* **TASK INSTRUCTIONS**
Unless it is a picture, every line from the start of the entries through the line with "下午,27名校友来到贵州大学" must be retyped exactly.

* **MATERIAL FOR THIS EXERCISE**
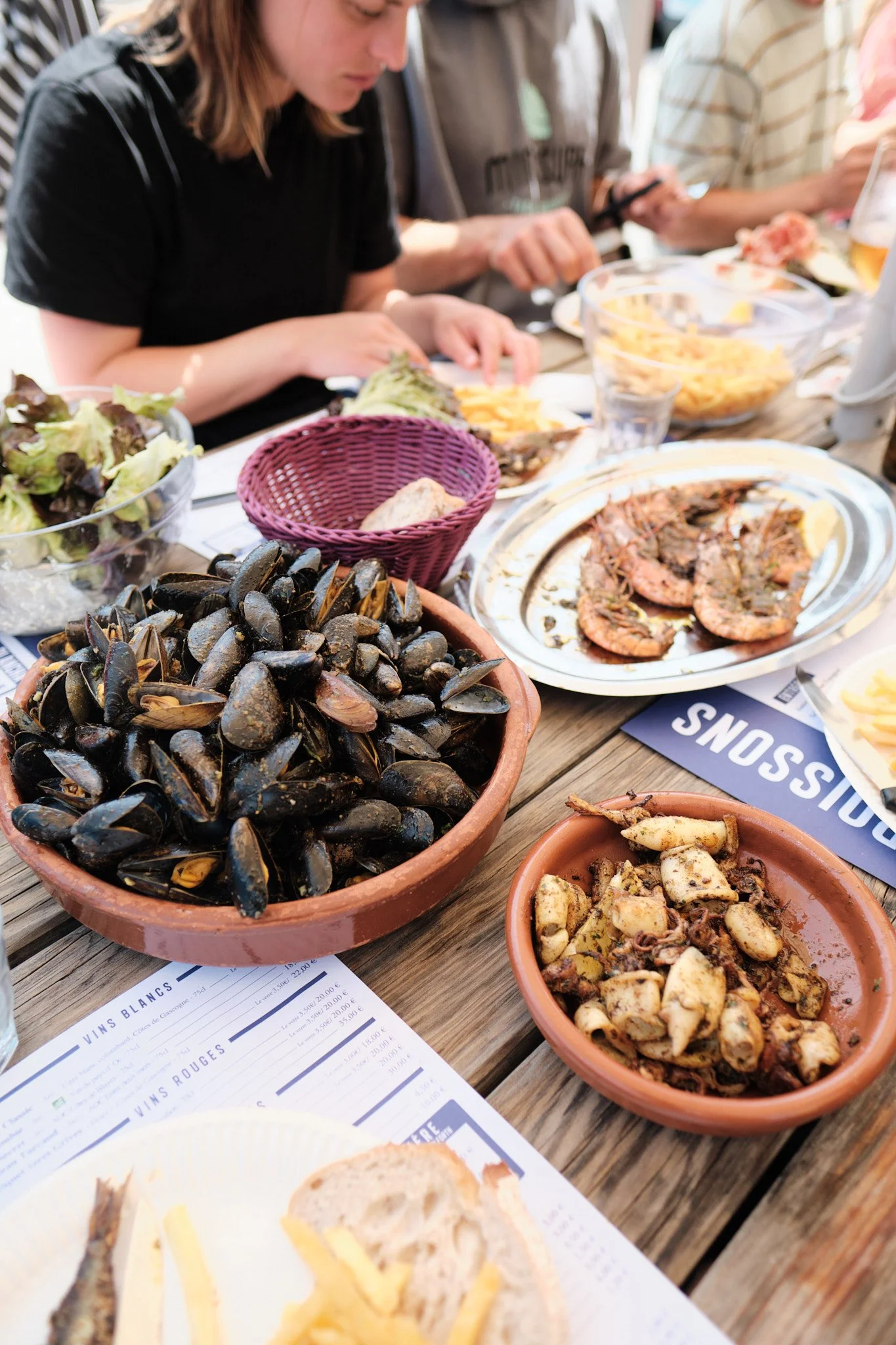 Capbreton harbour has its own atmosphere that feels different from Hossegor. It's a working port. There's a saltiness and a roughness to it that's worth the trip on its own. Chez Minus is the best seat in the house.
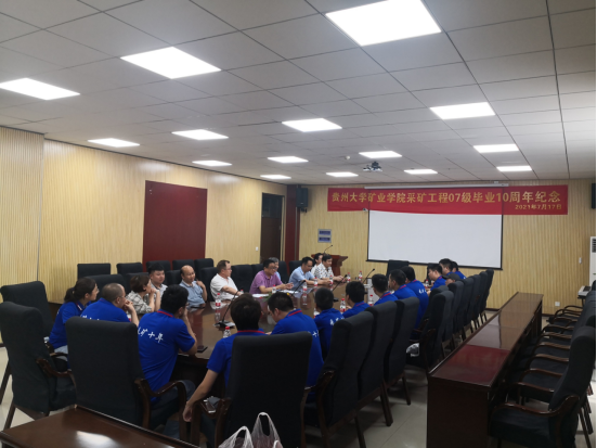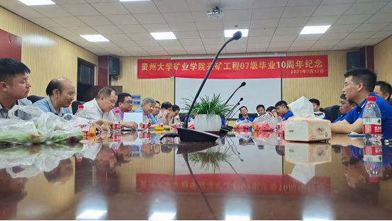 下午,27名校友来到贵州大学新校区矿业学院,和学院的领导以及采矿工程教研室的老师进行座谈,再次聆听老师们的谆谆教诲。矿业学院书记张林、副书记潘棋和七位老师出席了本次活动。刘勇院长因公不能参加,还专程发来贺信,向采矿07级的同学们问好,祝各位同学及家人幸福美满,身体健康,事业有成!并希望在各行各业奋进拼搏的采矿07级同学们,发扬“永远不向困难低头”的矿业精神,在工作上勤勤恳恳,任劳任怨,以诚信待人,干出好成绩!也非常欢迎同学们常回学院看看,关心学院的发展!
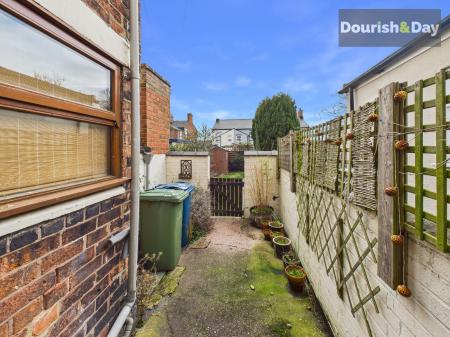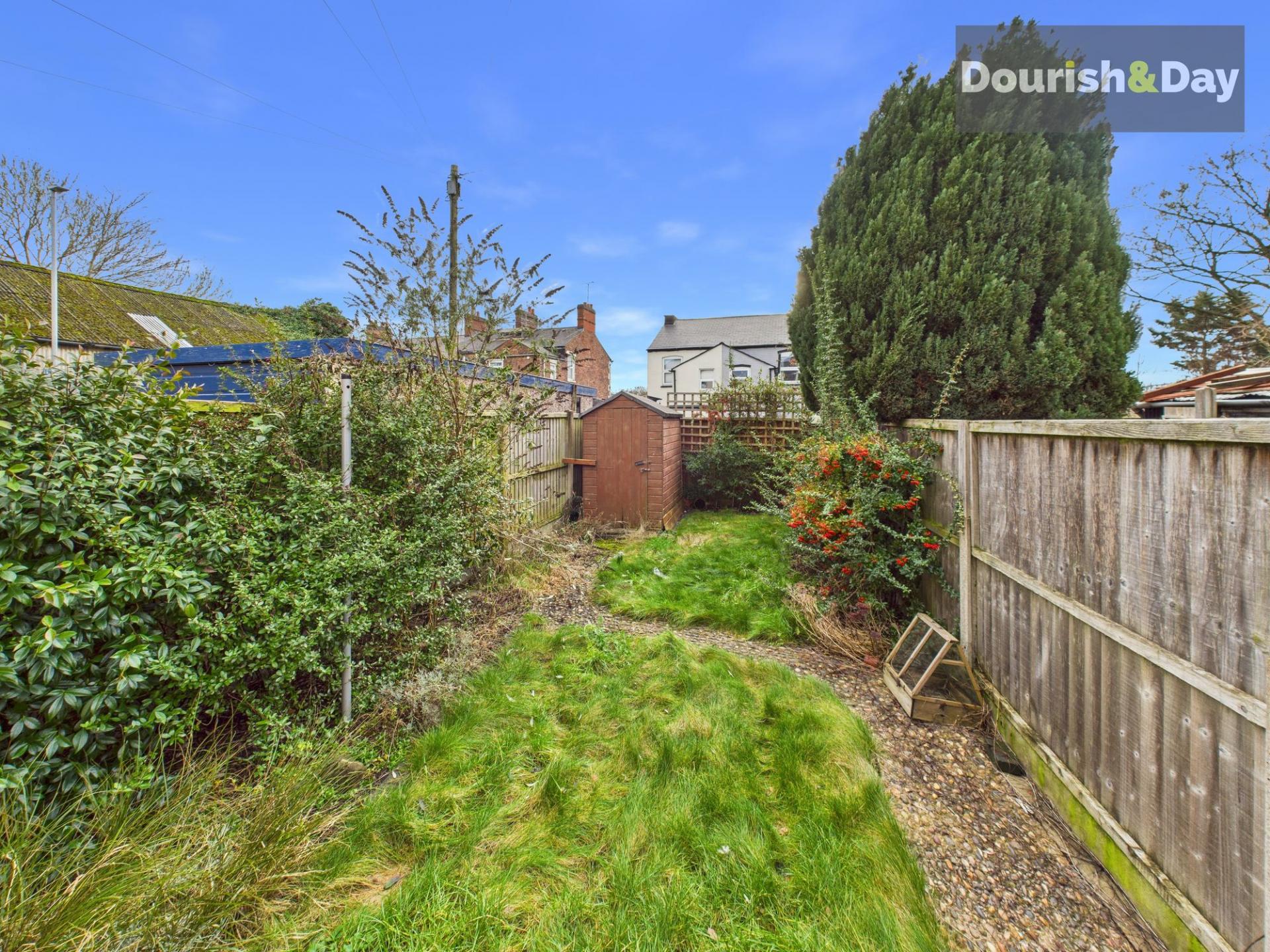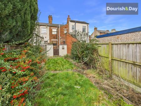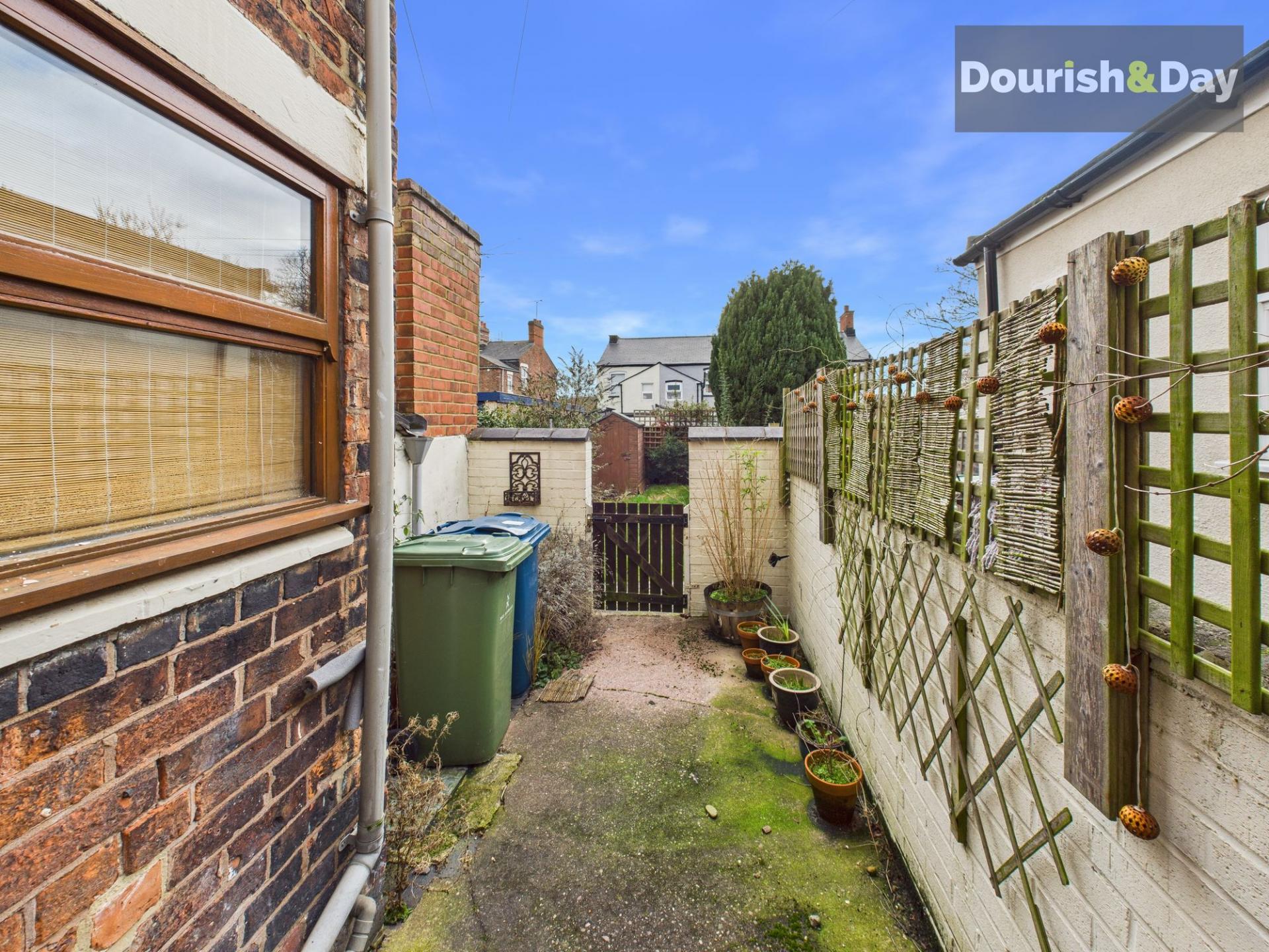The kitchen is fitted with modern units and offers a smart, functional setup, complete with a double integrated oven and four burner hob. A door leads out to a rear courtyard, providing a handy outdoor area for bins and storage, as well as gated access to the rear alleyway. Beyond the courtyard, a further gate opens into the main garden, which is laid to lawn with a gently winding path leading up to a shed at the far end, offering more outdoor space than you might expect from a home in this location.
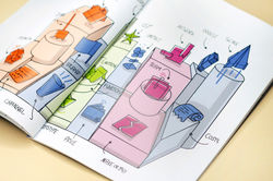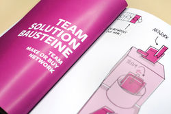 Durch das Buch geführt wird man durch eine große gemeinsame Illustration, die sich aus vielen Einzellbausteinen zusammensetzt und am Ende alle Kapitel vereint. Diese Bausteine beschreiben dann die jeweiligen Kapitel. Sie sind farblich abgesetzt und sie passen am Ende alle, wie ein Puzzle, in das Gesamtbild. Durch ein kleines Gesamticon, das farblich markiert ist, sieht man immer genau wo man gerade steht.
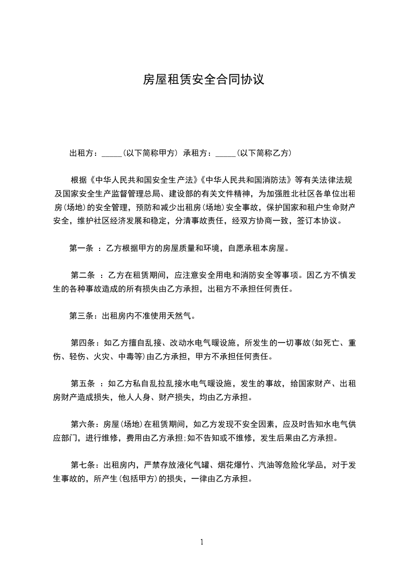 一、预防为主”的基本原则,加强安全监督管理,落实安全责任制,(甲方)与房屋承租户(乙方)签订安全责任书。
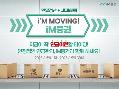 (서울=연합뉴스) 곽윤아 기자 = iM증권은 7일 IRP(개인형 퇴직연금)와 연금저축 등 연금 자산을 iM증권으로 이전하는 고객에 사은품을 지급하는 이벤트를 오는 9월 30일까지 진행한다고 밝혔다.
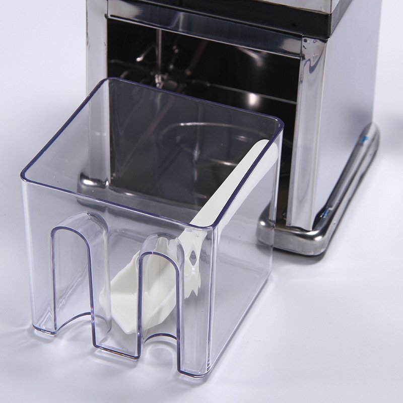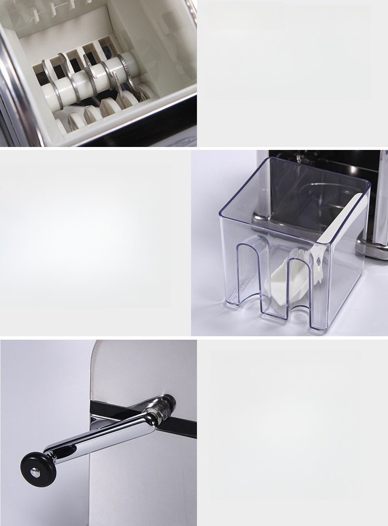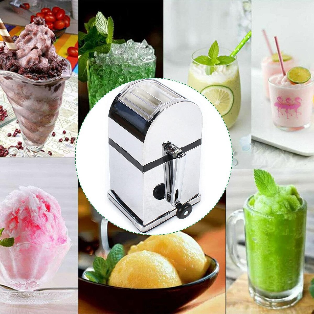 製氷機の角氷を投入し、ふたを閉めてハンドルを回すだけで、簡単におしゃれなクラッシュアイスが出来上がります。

* **EXERCISE OUTPUT**
 Capbreton harbour has its own atmosphere that feels different from Hossegor. It's a working port. There's a saltiness and a roughness to it that's worth the trip on its own. Chez Minus is the best seat in the house.
 下午,27名校友来到贵州大学新校区矿业学院,和学院的领导以及采矿工程教研室的老师进行座谈,再次聆听老师们的谆谆教诲。矿业学院书记张林、副书记潘棋和七位老师出席了本次活动。刘勇院长因公不能参加,还专程发来贺信,向采矿07级的同学们问好,祝各位同学及家人幸福美满,身体健康,事业有成!并希望在各行各业奋进拼搏的采矿07级同学们,发扬“永远不向困难低头”的矿业精神,在工作上勤勤恳恳,任劳任怨,以诚信待人,干出好成绩!也非常欢迎同学们常回学院看看,关心学院的发展!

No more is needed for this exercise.